= Festival of Santa Esterica =

Variant of Purim practiced in Latin America

The Festival of Santa Esterica is a holiday that was created as a substitute for Purim by the Anusim (also known as "conversos", Sephardi Jews forced to convert to Catholicism) after their expulsion from Spain in the late 15th century. It is still celebrated today in Latin America and the Southwestern United States.

==Name==
The festival was themed about a fictional “Catholic” saint called "Esterica" who was heavily based upon Queen Esther. During the festival the New Christian women fasted for 3 days as Esther herself, her uncle Mordechai and the Jews of Persia did in the Book of Esther prior to her meeting with King Achashverosh.

==Historical overview==
Although it was dangerous for the conversos to celebrate this festival due to its Jewish elements, as the Inquisition demanded no traits of their former religion be preserved, there are documents from Mexico that confirm the Festival of Esterica was held in Mexico as well.

The conversos who wanted to maintain their identity as Jews had fled to Portugal, yet they had to face another religiously-based persecution of Jews and Muslims by Manuel I of Portugal and expulsion in 1497; this was what brought them and their festival to the New World.

==Customs==
According to historian Janet Liebman Jacobs, converso women used to light candles and cook a kosher banquet with their daughters – which helped passing out knowledge of the traditional Jewish cuisine to the next generations. (Note: “Women, Ritual, and Secrecy: The Creation of the Crypto-Jewish Culture,” Janet Liebman Jacobs)

The public festival celebrations had become private events that were celebrated with the family indoors. The conversos had also started to honor Esther with iconographic art pieces they made in her image and held in their households.

Moshe Orfali claims in his book The Fast of Esther in the Lore of the Marranos that the conversos lived with the perpetual feeling of sin since they had to act like Christians towards the outside world while deep inside were Jewish, and that the fast helped them to feel as they were making up for their sin to God.

==Observance==
The popularity of the Festival of Santa Esterica had begun to decrease between the years 1964 and 1974, following the statements of James Peter Davis, the Archbishop of Santa Fe who studied the festival and had begun preaching to Hispanics who celebrated it that they were actually practicing a Jewish holiday based on Purim and that there was no such saint called Esterica. As a result, it is less common to find iconographic Esterica art pieces at Southwestern United States houses today than until the 20th century.
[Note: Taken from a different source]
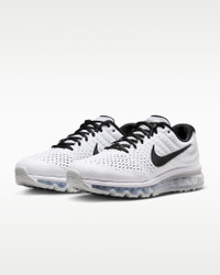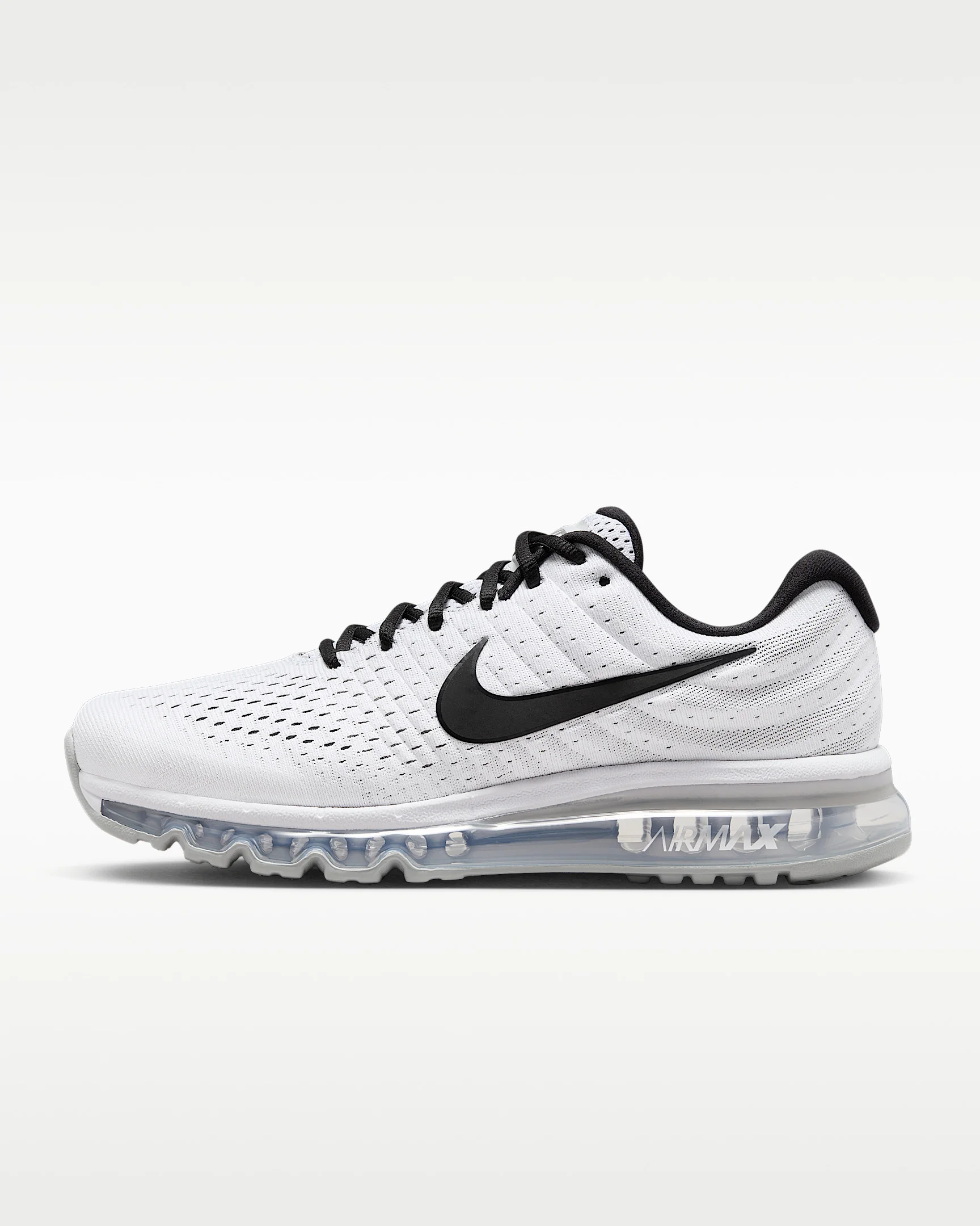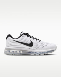 The Nike Air Max 2017 delivers the plush sensation you love with a full-length Max Air unit. The upper is seamlessly constructed with zonal support and ventilation while molded foam wraps your mid-foot and heel for secure comfort. Benefits - Flymesh and synthetic upper provides breathable support. - Full-length Max Air unit delivers enhanced cushioning. - Foam molded into the midfoot wraps the arch for a snug fit. - Sculpted Cushlon midsole combines plush cushioning with springy resilience for impact absorption. Product Details - Not intended for use as Personal Protective Equipment (PPE) - Shown: White/Pure Platinum/Black - Style: 849559-100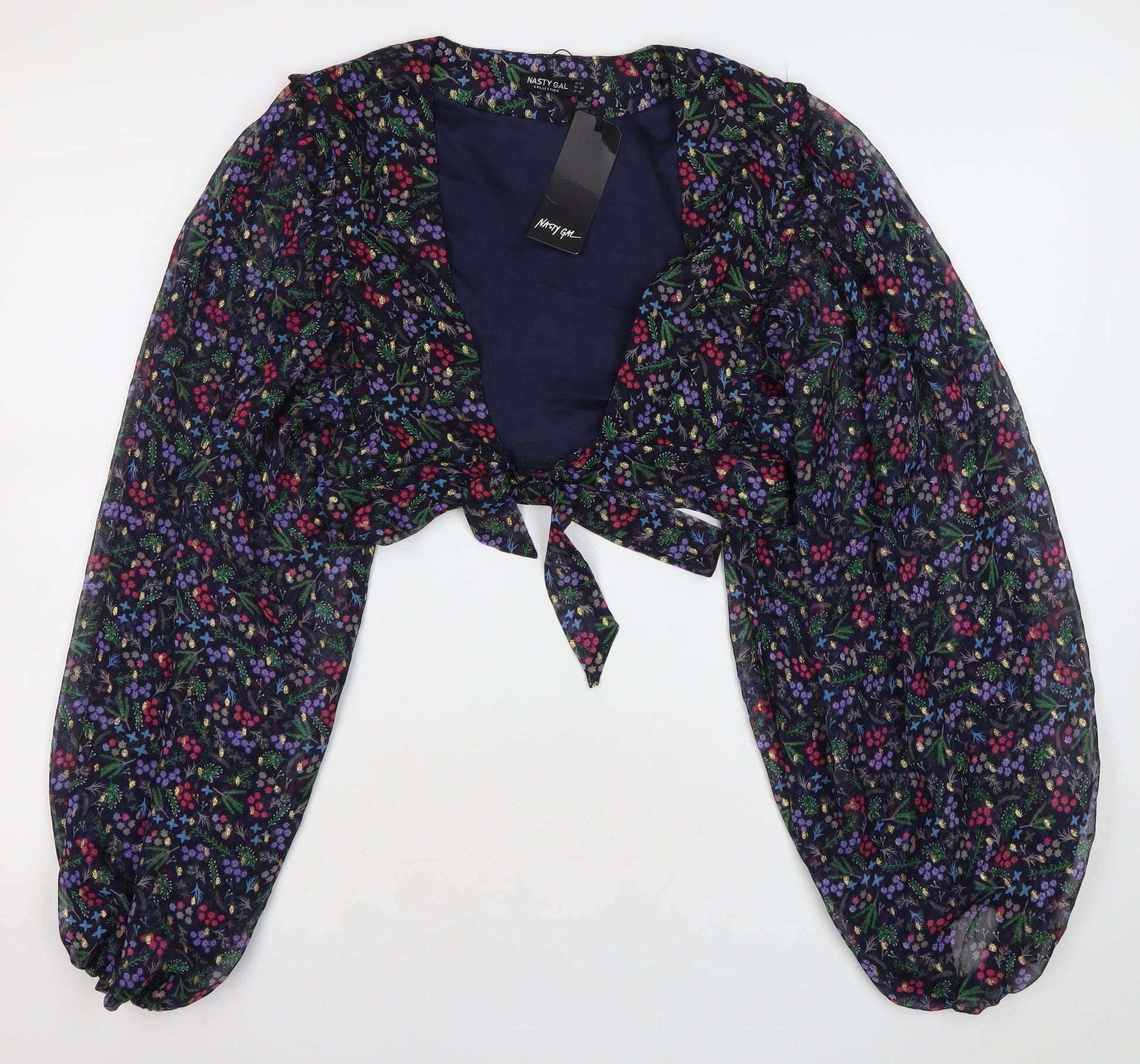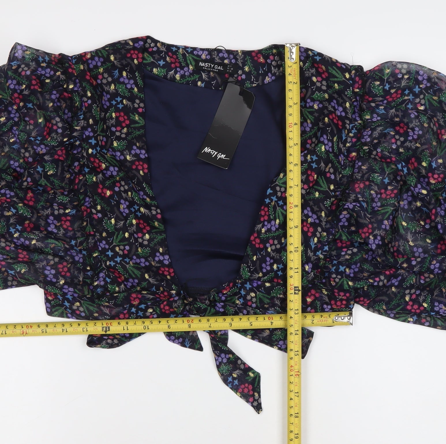 Nasty Gal Womens Floral Chiffon Cropped Blouse Top UK 12 Multicoloured

According to The Book of Esther in Modern Research by Leonard Greenspoon and Sidnie White Crawford, in the iconographic Esterica pieces that were common in the Americas the saint was depicted wearing a Crown on her head and holding a hanging rope. They interpret the motifs as signs of Judaism being grasped as something royal that comes with the risk of getting caught by the Christians and end the conversos' lives (The rope most probably represents the hanging of Haman, the king’s advisor that proposed the killing of Jewish people. The Jewish holiday of Purim celebrates the “switching of roles” - which is why you might see children in costumes on this holiday - one of the reasons being the hanging Haman planned for Mordechai, Queen Ester’s uncle, was ultimately his own execution) hanging.

In New Mexico, the art that decorated the conversos' houses with Santa Esterica were portrayed with red curtains that frame the icona.